When I am notified of donation by the staff, I will mail the wood!

Have fun and if you have any questions let me know! Also if you have seen sumac before, check out some turnings from online, it looks incredible!

Reactions: EyeCandy! 3 | Way Cool 2 | +Karma 1


----------



## Tony (Oct 26, 2015)

Very nice gesture Clint! That is some pretty wood, I've never worked with Sumac before. I don't turn, but I want to see what this becomes. Tony

Reactions: Agree 1


----------



## Fsyxxx (Oct 26, 2015)

Someone's gotta get this thing going. 10$

Reactions: Thank You! 1


----------



## Tclem (Oct 26, 2015)

Fsyxxx said:


> Someone's gotta get this thing going. 10$


Not you $15


----------



## barry richardson (Oct 26, 2015)

$15


----------



## Kevin (Oct 26, 2015)



Reactions: Funny 1


----------



## ClintW (Oct 26, 2015)

@barry richardson I think your bid got sniped


----------



## Tclem (Oct 26, 2015)

barry richardson said:


> $15


$1 increments. Hello. Macfly

Reactions: Funny 4


----------



## El Guapo (Oct 26, 2015)

$25


----------



## El Guapo (Oct 26, 2015)

I had to resist the urge to bid $15.

Reactions: Like 1 | Funny 4


----------



## Tclem (Oct 26, 2015)

El Guapo said:


> I had to resist the urge to bid $15.


$25

Reactions: Funny 1


----------



## Fsyxxx (Oct 26, 2015)

Tclem said:


> $25


26$ just to outbid your illegal bid.

Reactions: Funny 2


----------



## barry richardson (Oct 26, 2015)

Tclem said:


> $1 increments. Hello. Macfly


that was in case you bailed out cause another appliance crapped out...

Reactions: Funny 8


----------



## barry richardson (Oct 26, 2015)

$30

Reactions: Like 1


----------



## El Guapo (Oct 26, 2015)

barry richardson said:


> that was in case you bailed out cause another appliance crapped out...



Now that is funny!!

Reactions: Agree 3


----------



## manbuckwal (Oct 27, 2015)



Reactions: Agree 1


----------



## Tclem (Oct 27, 2015)

barry richardson said:


> that was in case you bailed out cause another appliance crapped out...


Thanks for the backup I thought I was going to have to sell some ck if I had won it for that price  but I do have to get a windshield for my car I drive to work.
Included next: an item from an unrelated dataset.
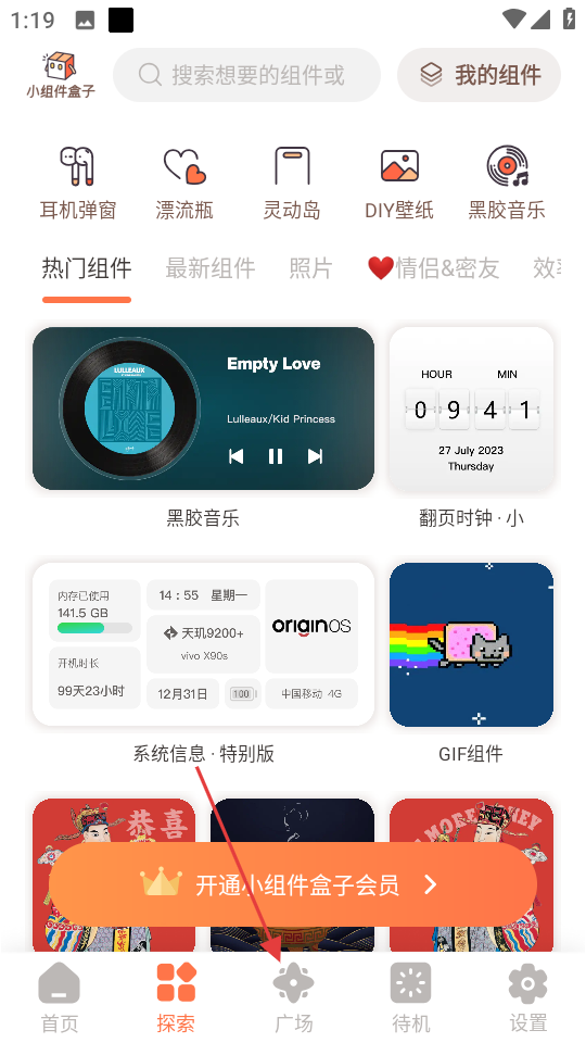 1、在小組件盒子的探索頁面,點(diǎn)擊底部廣場按鈕,進(jìn)入廣場頁面。

Rock shattered it last week. Ever had one of those days or months or years

Reactions: Like 1


----------



## Tclem (Oct 27, 2015)

El Guapo said:


> Now that is funny!!


No it isn't Henry wannabe

Reactions: Funny 1


----------



## barry richardson (Oct 27, 2015)

Tclem said:


> Thanks for the backup I thought I was going to have to sell some ck if I had won it for that price  but I do have to get a windshield for my car I drive to work. Rock shattered it last week. Ever had one of those days or months or years


And don't forget, baby needs new shoes......
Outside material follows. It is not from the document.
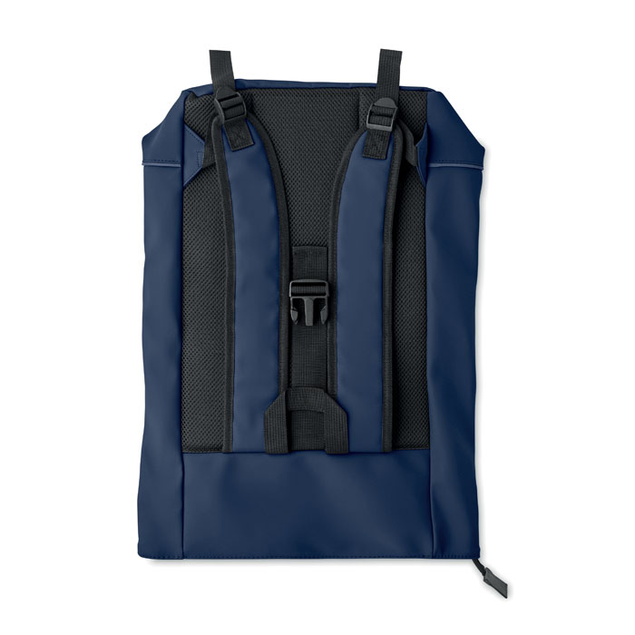 15-calowy plecak na laptopa z miękkiego PU z wyściełanym tyłem i wzmocnieniem podstawy z odblaskowym paskiem. Wodoodporna kieszeń przednia zapinana na zamek. Podszewka z poliestru 210D RPET.

Reactions: Agree 1 | Funny 1


----------



## El Guapo (Oct 27, 2015)

Tclem said:


> No it isn't Henry wannabe


I've been called worse!


----------



## Kevin (Oct 27, 2015)

El Guapo said:


> I've been called worse!



I can't really imagine anything worse . . . .

Reactions: Funny 3


----------



## ripjack13 (Oct 27, 2015)

Tclem said:


> No it isn't Henry wannabe


Here I am.....you called?


----------



## Tclem (Oct 27, 2015)

ripjack13 said:


> Here I am.....you called?


Yeah. Two of you clowns now

Reactions: Like 2


----------



## SENC (Oct 27, 2015)

Tclem said:


> Yeah. Two of you clowns now


We're multiplying!!!

Reactions: Like 1 | Agree 1


----------



## Kevin (Oct 27, 2015)

SENC said:


> We're multiplying!!!



Stop that you two! That's an abomination to god!!!!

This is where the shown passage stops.